Le système libéral dominant est aujourd’hui convaincu qu’il doit et peut accélérer le transfert et l’innovation pour résoudre la crise économique et affronter la concurrence économique internationale. Pour cela il organise le pilotage de la recherche en appliquant les concepts portés par le New Public Management.

Pour contraindre le système de la recherche publique, les décideurs utilisent trois leviers principaux : la baisse et la mise en compétition des ressources financières et leur contrôle par des intérêts extérieurs, l’augmentation de la précarité des personnels, l’occupation des scientifiques à des tâches chronophages et inutiles.

Cette situation affecte l’ensemble des personnels dans les laboratoires et créée des situations de souffrance au travail :

• équipe ou individu peu ou pas financé à coté de collègues heureux gagnants d’appels à projets et disposant de crédits importants ;
• mise à l’écart des perdants (des appels à projets) au sein des unités de recherche ;
• disparition des collectifs de travail au profit d’individualismes exacerbés ;
• situations conflictuelles pouvant conduire à du harcèlement ;
• épuisement professionnel, dépression, état de sidération face à une charge d’urgence toujours répétée et inutile.

Ces situations conduisent aussi à ne plus comprendre, à oublier, à mettre de côté l’intégrité et l’éthique scientifiques, ce qui peut avoir pour conséquence des malversations, voire des fraudes scientifiques, inexcusables.

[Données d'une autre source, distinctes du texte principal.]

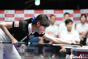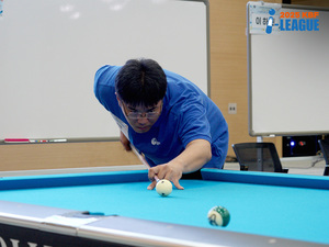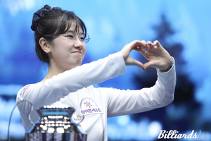 [빌리어즈앤스포츠=고양/이용휘 기자] 18일 '웰컴저축은행 PBA 팀리그 2025-26' 2라운드 2일차에 하림과 우리금융캐피탈이 두 번째 경기를 가졌다. 전날 2라운드 1일차 대결에서 하이원리조트를 상대로 세트스코어 4-3의 승리를 거둔 우리금융캐피탈은 이날 하림을 4-1로 물리치고 승점 3을 추가해 총 승점 5를 벌었다. 사진은 4세트 혼합복식에 출전한 우리금융캐피탈의 서한솔이 샷을 준비하고 있다. (사진=고양/이용휘 기자)

Il y a urgence à redonner les moyens financiers, humains mais aussi du temps intellectuel à la recherche. C’est pour cela que les syndicats de la FSU dans l’enseignement supérieur et la recherche agissent. Non pas seulement pour mettre en place des plans de prévention des risques psychosociaux, ce qui est certes nécessaire, mais aussi pour traiter les véritables causes : rendre aux scientifiques les moyens de leur travail.